Extremely Low-Resource Neural Machine Translation: A Case Study of Cantonese

Result | Data | Parallel Sentence Mining | Model Training

This repo provides the implentation scripts in the project, as well as the synthetic data generated via bitext mining. You can find the paper here.

The development of NLP applications for Cantonese, a language with over 85 million speakers, is lagging compared to other languages with a similar number of speakers. This project is, to my best knowledge, the first benchmark of multiple neural machine translation (NMT) systems of Cantonese. Secondly, I performed parallel sentence mining as data augmentation for the extremely low resource language pair (Cantonese-Mandarin) and increased the number of sentence pairs by 3480% (1,002 to 35,877). Results show that with the parallel sentence mining technique, the best performing model (BPE-level bidirectional LSTM) scored 11.98 BLEU better than the vanilla baseline and 9.93 BLEU higher than my strong baseline. Thirdly, I evaluated the quality of the translated texts using modern texts and historical texts to investigate the models' ability to translate historical texts. Finally, I provide the first large-scale parallel training dataset of the language pair (post-sentence mining) as well as an evaluation dataset comprising Cantonese, Mandarin, and Literary Chinese for future research.

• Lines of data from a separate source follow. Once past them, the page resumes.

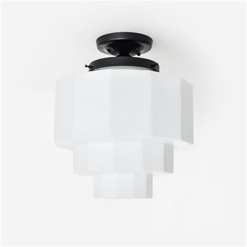 De Art Deco Trade - Plafonnière Dodecagon Moonlight is een spectaculaire glaskap met mondgeblazen design in meerdere etages en een twaalfhoekige vorm, wat het een echt Art Deco gevoel geeft. Het opaal witte glas contrasteert prachtig met het zwart gepatineerde armatuur, dat een vintage uitstraling toevoegt aan het geheel. Deze plafonnière is voorzien van 1x E-27 fitting en past perfect bij een breed scala aan interieurstijlen.
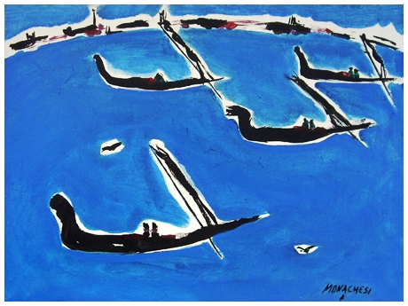 SANTE MONACHESI Macerata 1910 – Roma 1991 Senza titolo Olio su tela 40 x 60. Firma in b. a d. Autentica e arch. Giacomo Tommolini, Roma su foto.
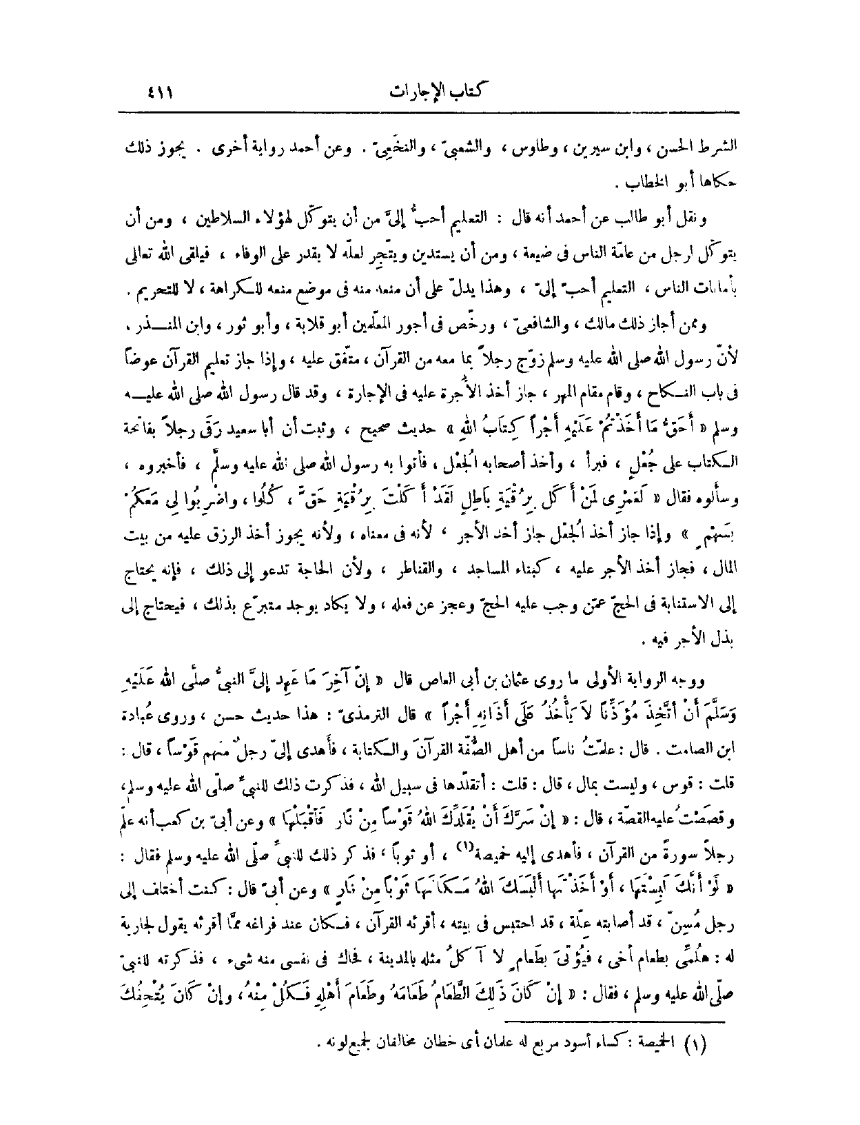 وَرَوَى عُبَادَةُ بْنُ الصَّامِتِ، قَالَ: عَلَّمْتُ نَاسًا مِنْ أَهْلِ الصُّفَّةِ الْقُرْآنَ وَالْكِتَابَةَ، فَأَهْدَى إلَيَّ رَجُلٌ مِنْهُمْ قَوْسًا، قَالَ: قُلْت: قَوْسٌ وَلَيْسَتْ بِمَالٍ. قَالَ: قُلْت أَتَقَلَّدُهَا فِي سَبِيلِ اللَّهِ. فَذَكَرْت ذَلِكَ لِلنَّبِيِّ - صَلَّى اللَّهُ عَلَيْهِ وَسَلَّمَ -. وَقَصَّ عَلَيْهِ الْقِصَّةَ، قَالَ: «إنْ سَرَّك أَنْ يُقَلِّدَك اللَّهُ قَوْسًا مِنْ نَارٍ، فَاقْبَلْهَا» . وَعَنْ أُبَيِّ بْنِ كَعْبٍ، أَنَّهُ «عَلَّمَ رَجُلًا سُورَةً مِنْ الْقُرْآنِ، فَأَهْدَى إلَيْهِ خَمِيصَةً أَوْ ثَوْبًا، فَذَكَرَ ذَلِكَ لِلنَّبِيِّ - صَلَّى اللَّهُ عَلَيْهِ وَسَلَّمَ - فَقَالَ: لَوْ أَنَّك لَبِسْتهَا، أَوْ أَخَذَتْهَا، أَلْبَسَك اللَّهُ مَكَانَهَا ثَوْبًا مِنْ نَارٍ»
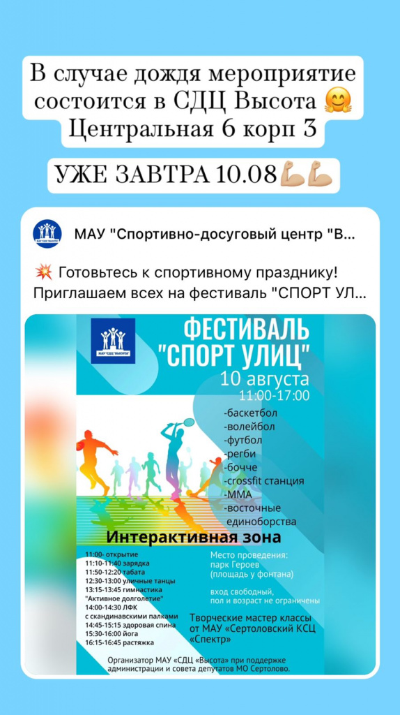Внимание всем участникам! В случае дождя наше мероприятие будет перенесено в Спортивно-Досуговый Центр "Высота", который находится по адресу: ул. Центральная, д.6, к.3.

Key implementations in the project

Data augumentation via Parallel Sentence Mining (PSM)
NMT models training
1. Bidirectional LSTM (BiLSTM) MT
  - word represenation
  - BPE represenation (highest BLEU score)
2. Transoformer MT
  - word represenation
  - BPE represenation (best translation quality)
3. Unsupervised NMT via Language Model Pre-training and Transfer Learning

*Note: The script of finetuning mBART can be found here; however it should be noted that this approach failed to perform on the unseen language (Cantonese) and resulted in a 0 BLEU score.

Result

Model	SacreBLEU
BiLSTM (Vanilla baseline)	1.24
BiLSTM_t (Strong baseline)	3.29
BiLSTM_t +PSM	12.37
BiLSTM_bpe +PSM	13.22
Transformer_word +PSM	3.56
Transformer_bpe +PSM	11.66
RELM_adap + PSM	1.85

Pretrained models

Parallel Sentence Mining

The scripts for Parallel Sentence Mining (PSM) (also known as bitext mining) can be found here. It will perform PSM from Wikipedia backup files, concatenate the UD data & the synthetic dataset, and finally generate a pickle file of the combined dataset.

Data

Model	Data	Size (Sentence pair)	Ratio (Train/Validation/Test)
Baseline	Cantonese and Mandarin Chinese Parallel Corpus (UD)	1,002	80/10/10
Experimental models	UD+PSM	35,877	68/15/17

NMT Model Training

Preliminary

Clone current repo

git clone https://github.com/evelynkyl/yue_nmt

Split data into training, evaluation, and test sets

mkdir /yue_nmt/bitext_mining/data/bitext_and_ud/split
python3 split_data.py

Install dependencies for model training

# apex (for fp16 training)
git clone https://github.com/NVIDIA/apex
cd apex
pip install -v --disable-pip-version-check --no-cache-dir ./
cd ~

# faiseq (for machine translation)
git clone https://github.com/pytorch/fairseq
cd fairseq
pip install --editable ./
cd ~

*Note: It is HIGHLY recommended to use half precision (using Apex) by simply adding --fp16 True --amp 1 flags to each running command. Without it, you might run out of memory.

Implentation

BiLSTM or Transformer (via JoeyNMT)

Scripts of the model parameters can be found in /yue_nmt/scripts/training. To train a model, run the command below

python3 -m joeynmt train {config.yaml}

Unsupervised NMT by Transfer Learning (via RELM)

Please refer to UNMT_via_RELM.

Evaluation

BiLSTM or Transformer (via JoeyNMT)

Perform evaluation of the model on the test set. This will return the sacrebleu score on the validation and test set based on the highest validation score the model got during training.

python3 -m joeynmt test {modelname_config.yaml} --output_path /yue_nmt/models/modelname_predictions

Inference

BiLSTM or Transformer (via JoeyNMT)

# file translation
python3 -m joeynmt translate {modelname_config.yaml} < literary_goldref_zh_bpe.txt --output_path eval_literary_translated_yue.txt

License

Yue_NMT is BSD-licensed, as found in the LICENSE file in the root directory of this source tree.

Acknowledgement

The UD dataset is downloaded from UD Cantonese based on the Universal Dependecies Project.
The Literary-Modern Chinese evaluation dataset is manually translated based on Ancient-Modern Chinese Translation with a New Large Training Dataset.
Our code of bitext mining is based on LASER.
Our code of unsupverised NMT (RELM) is based on RELM.
We used the awesome JoeyNMT for training some of the NMT models. We thank the authors for sharing their great work.